TASK INSTRUCTIONS:
Entries below include pictures. Output exactly the lines from the one with "BILUX LOGISTIK SRL" down to the one with "Mr Jean BEYL", both ends included, and leave the pictures out.

(Beginning of ENTRIES SHOWN)

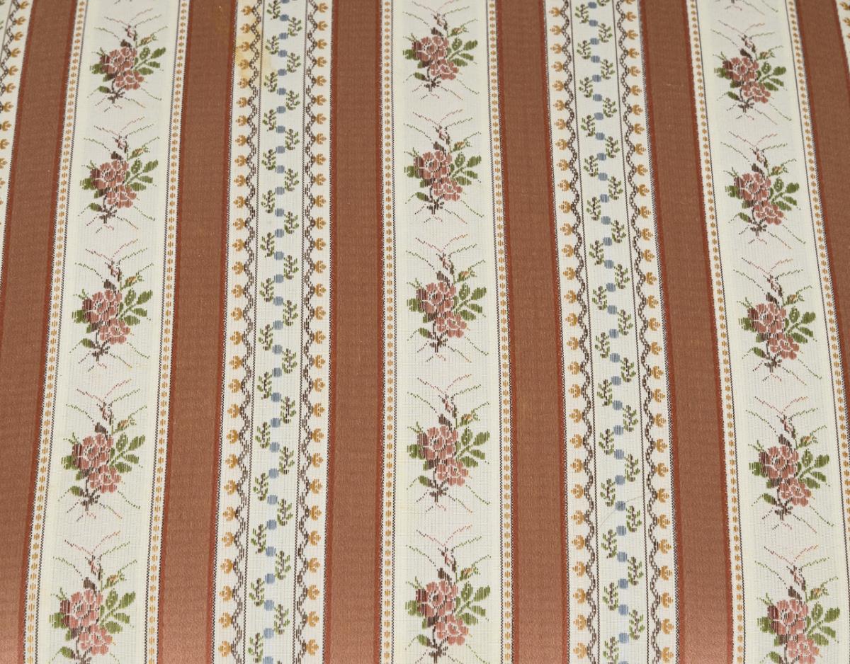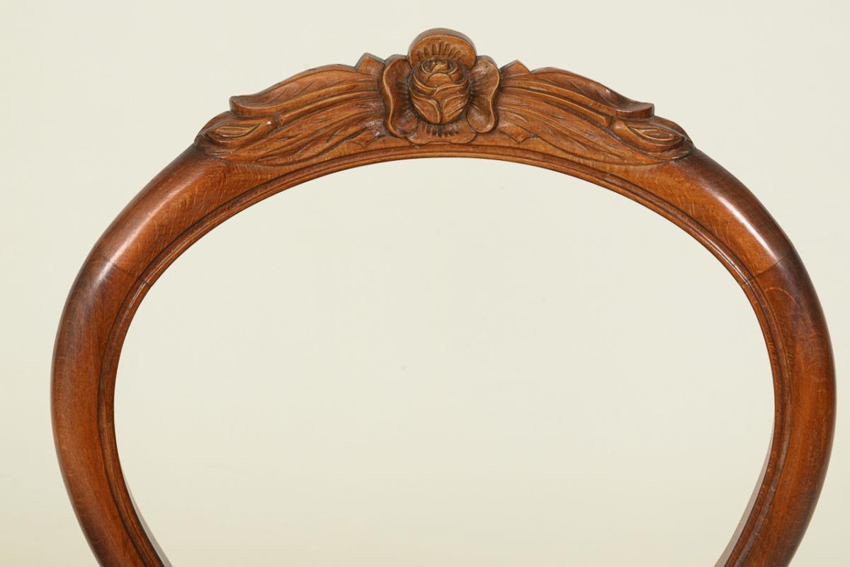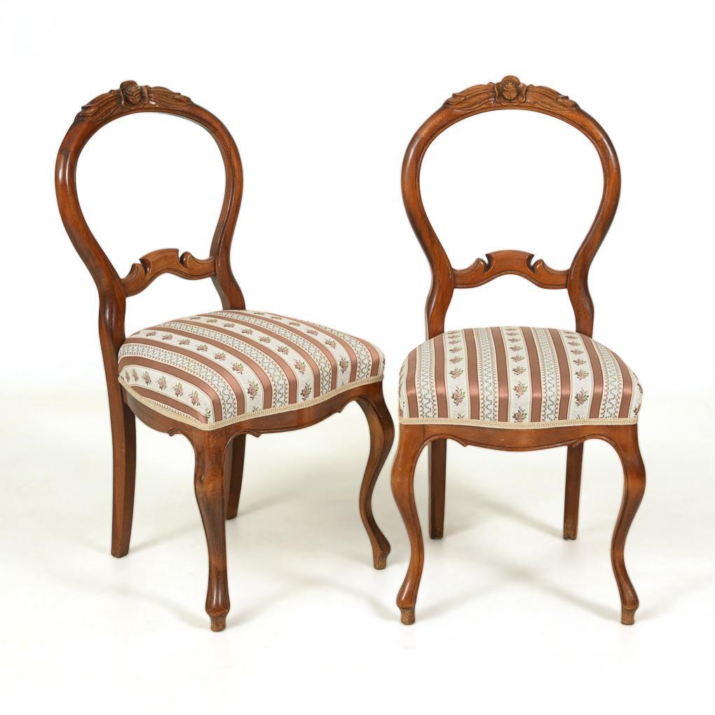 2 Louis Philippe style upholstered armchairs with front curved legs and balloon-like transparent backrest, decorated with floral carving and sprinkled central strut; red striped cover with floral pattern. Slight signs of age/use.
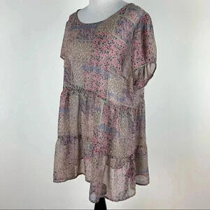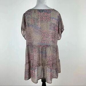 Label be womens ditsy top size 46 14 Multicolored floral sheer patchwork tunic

(End of ENTRIES SHOWN)
(Beginning of ENTRIES SHOWN)

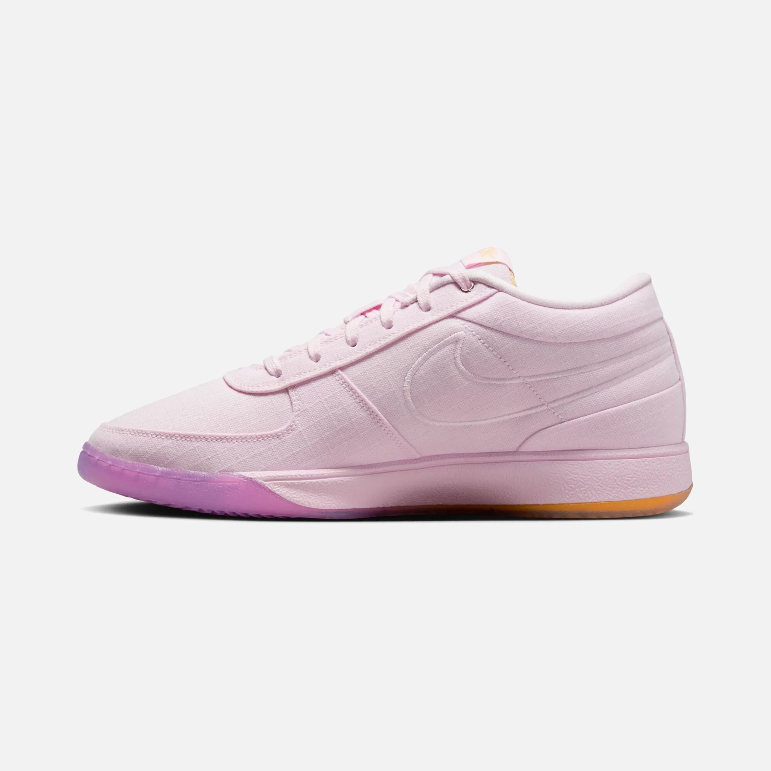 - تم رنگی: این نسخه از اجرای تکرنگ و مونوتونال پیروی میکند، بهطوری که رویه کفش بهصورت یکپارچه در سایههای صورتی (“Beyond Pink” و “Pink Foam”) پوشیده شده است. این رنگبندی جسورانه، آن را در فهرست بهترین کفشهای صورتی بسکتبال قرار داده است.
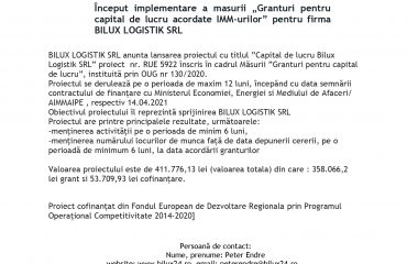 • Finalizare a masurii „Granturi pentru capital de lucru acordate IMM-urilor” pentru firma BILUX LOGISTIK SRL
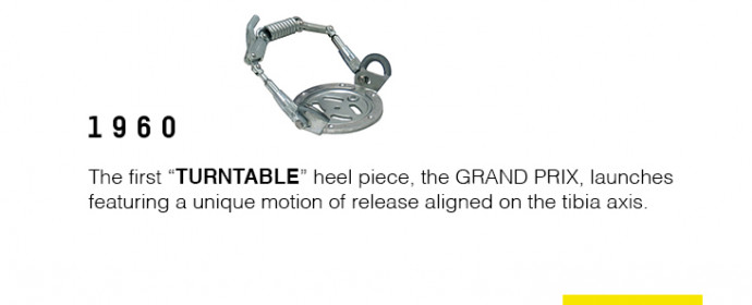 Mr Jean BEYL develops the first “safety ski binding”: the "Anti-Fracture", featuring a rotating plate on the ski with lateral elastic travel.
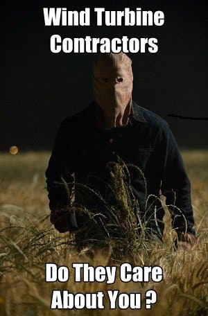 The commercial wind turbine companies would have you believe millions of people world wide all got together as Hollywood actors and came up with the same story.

(End of ENTRIES SHOWN)

ANSWER SECTION:
 • Finalizare a masurii „Granturi pentru capital de lucru acordate IMM-urilor” pentru firma BILUX LOGISTIK SRL
 Mr Jean BEYL develops the first “safety ski binding”: the "Anti-Fracture", featuring a rotating plate on the ski with lateral elastic travel.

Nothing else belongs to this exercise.